Итак, под возрастающей мягкостью наказания можно уловить смещение точки его приложения, а благодаря этому смещению – целое поле новых объектов, новый режим истины и множество ролей, дотоле небывалых в отправлении уголовного правосудия. Знание, методы, 'научные' дискурсы формируются и постепенно переплетаются с практикой власти наказывать.
Цель этой книги – сравнительная история современной души и новой власти судить, генеалогия нынешнего научно-судебного единства, в котором власть наказывать находит себе основания, обоснование и правила, благодаря которому она расширяет свои воздействия и маскирует свое чрезмерное своеобразие.

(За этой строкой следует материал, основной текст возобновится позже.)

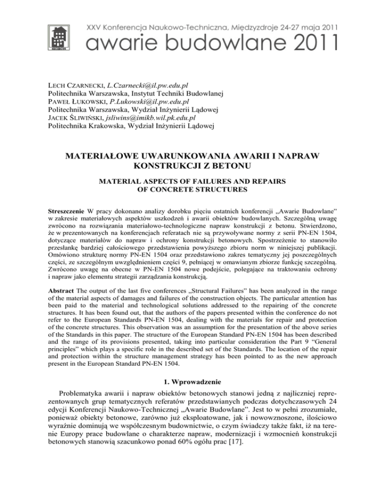 LECH CZARNECKI, [email protected] Politechnika Warszawska, Instytut Techniki Budowlanej PAWEŁ ŁUKOWSKI, [email protected] Politechnika Warszawska, Wydział InŜynierii Lądowej JACEK ŚLIWIŃSKI, [email protected] Politechnika Krakowska, Wydział InŜynierii Lądowej MATERIAŁOWE UWARUNKOWANIA AWARII I NAPRAW KONSTRUKCJI Z BETONU MATERIAL ASPECTS OF FAILURES AND REPAIRS OF CONCRETE STRUCTURES Streszczenie W pracy dokonano analizy dorobku pięciu ostatnich konferencji „Awarie Budowlane” w zakresie materiałowych aspektów uszkodzeń i awarii obiektów budowlanych. Szczególną uwagę zwrócono na rozwiązania materiałowo-technologiczne napraw konstrukcji z betonu. Stwierdzono, Ŝe w prezentowanych na konferencjach referatach nie są przywoływane normy z serii PN-EN 1504, dotyczące materiałów do napraw i ochrony konstrukcji betonowych. SpostrzeŜenie to stanowiło przesłankę bardziej całościowego przedstawienia powyŜszego zbioru norm w niniejszej publikacji. Omówiono strukturę normy PN-EN 1504 oraz przedstawiono zakres tematyczny jej poszczególnych części, ze szczególnym uwzględnieniem części 9, pełniącej w omawianym zbiorze funkcję szczególną. Zwrócono uwagę na obecne w PN-EN 1504 nowe podejście, polegające na traktowaniu ochrony i napraw jako elementu strategii zarządzania konstrukcją. Abstract The output of the last five conferences „Structural Failures” has been analyzed in the range of the material aspects of damages and failures of the construction objects. The particular attention has been paid to the material and technological solutions addressed to the repairing of the concrete structures. It has been found out, that the authors of the papers presented within the conference do not refer to the European Standards PN-EN 1504, dealing with the materials for repair and protection of the concrete structures. This observation was an assumption for the presentation of the above series of the Standards in this paper. The structure of the European Standard PN-EN 1504 has been described and the range of its provisions presented, taking into particular consideration the Part 9 “General principles” which plays a specific role in the described set of the Standards. The location of the repair and protection within the structure management strategy has been pointed to as the new approach present in the European Standard PN-EN 1504. 1. Wprowadzenie Problematyka awarii i napraw obiektów betonowych stanowi jedną z najliczniej reprezentowanych grup tematycznych referatów przedstawianych podczas dotychczasowych 24 edycji Konferencji Naukowo-Technicznej „Awarie Budowlane”. Jest to w pełni zrozumiałe, poniewaŜ obiekty betonowe, zarówno juŜ eksploatowane, jak i nowowznoszone, ilościowo wyraźnie dominują we współczesnym budownictwie, o czym świadczy takŜe fakt, iŜ na terenie Europy prace budowlane o charakterze napraw, modernizacji i wzmocnień konstrukcji betonowych stanowią szacunkowo ponad 60% ogółu prac [17]. 56 Czarnecki L. i inni: Materiałowe uwarunkowania awarii i napraw konstrukcji z betonu Szeroko pojęta, skuteczna naprawa obiektów betonowych jest w większości przypadków zabiegiem skomplikowanym, którego końcowy efekt zaleŜy od wielu czynników, w tym przede wszystkim od właściwego doboru materiałów i systemów naprawczych oraz poprawności przeprowadzenia, nierzadko licznych, operacji. Od niedawna (w całości – od zeszłego roku) polski inŜynier otrzymał bardzo przydatne narzędzie ułatwiające zarówno diagnostykę stanu konstrukcji, jak i prawidłowe zaplanowanie oraz przeprowadzenie robót naprawczych, w tym dokonanie właściwego doboru stosowanych materiałów lub ich systemu. Narzędziem tym jest pakiet dziesięciu norm PN-EN 1504 pod wspólnym tytułem Wyroby i systemy do ochrony napraw i konstrukcji z betonu. Definicje, wymagania, sterowanie jakością i ocena zgodności. Normy te w sposób istotny zmieniają podejście do prac naprawczo-modernizacyjnych oraz porządkują i systematyzują związaną z nimi problematykę. Stanowią one dla inŜyniera budownictwa rodzaj szczegółowego, wykorzystującego współczesny stan wiedzy, nowoczesnego przewodnika. Z tego powodu normy te zasługują na moŜliwie szerokie ich rozpropagowanie, dla którego najbardziej właściwym forum jest niewątpliwie Konferencja Naukowo-Techniczna „Awarie Budowlane”. Mając to na uwadze, mimo licznych prac opublikowanych juŜ na temat norm serii PN-EN 1504 (np. [15÷22, 46, 47]), autorzy uznali za stosowne przedstawienie tytułowego zagadnienia uczestnikom Konferencji. Za celowością prezentacji istoty i zawartości norm serii PN-EN 1504 właśnie podczas konferencji „Awarie Budowlane”, przemawiają takŜe liczne, prezentowane na niej w ostatnim dziesięcioleciu, prace poświęcone problematyce napraw uszkodzonych obiektów betonowych. 2. Charakterystyka materiałowych aspektów awarii i napraw prezentowanych podczas konferencji „Awarie Budowlane” w ostatnim dziesięcioleciu 2.1 Charakterystyka ogólna Przeprowadzony przez autorów przegląd materiałów konferencyjnych z okresu ostatnich 10 lat, obejmujący pięć edycji Konferencji (od XX do XXIV), pozwolił na wytypowanie ponad 40 opracowań (patrz literatura), w których autorzy w sposób wyraźny jako jedną z przyczyn wskazywali niepoprawną jakość zastosowanych materiałów i/lub podali koncepcję naprawy z ogólnym lub bardziej szczegółowym wskazaniem zalecanych rozwiązań materiałowo-technologicznych. Referaty stanowiące podstawę przeprowadzonych analiz pochodzą z następujących grup tematycznych Konferencji: konstrukcje betonowe (18), mosty (4), budownictwo ogólne (6), konstrukcje stalowe (0) i materiały budowlane (13). Wśród tych opracowań zdecydowaną większość (ok. 88%) stanowią referaty dotyczące betonu i obiektów betonowych [1÷13, 23÷25, 27÷31, 33÷35, 37, 39÷41, 43÷45, 48, 50÷53]. Pozostałe referaty były związane z dest

Но какова исходная точка истории современной судимой души? Если ограничиться эволюцией права или уголовного судопроизводства, то неизбежна опасность представить начало изменения коллективной чувствительности, возрастания гуманности или развития гуманитарных наук как монолитный, внешний, инертный и первичный факт. Исследуя же, подобно Дюркгейму, лишь общие социальные формы, мы рискуем принять за начало смягчения наказаний процессы индивидуализации, являющиеся скорее одним из следствий новых тактик власти наряду с новыми карательными механизмами. Данное исследование основывается на четырех основных правилах.
1. Не сосредоточиваться при исследовании карательных механизмов единственно на их 'репрессивных' воздействиях, на присущих им аспектах 'наказания', а рассматривать их с учетом целого ряда их возможных положительных следствий, даже если эти последние на первый взгляд кажутся побочными и второстепенными. А значит, рассматривать наказание как сложную социальную функцию.
2. Анализировать карательные методы не просто как последствия правовых установлении или индикаторы социальных структур, но как техники, обладающие собственной спецификой в более общем поле прочих методов отправления власти. Рассматривать наказание как политическую тактику.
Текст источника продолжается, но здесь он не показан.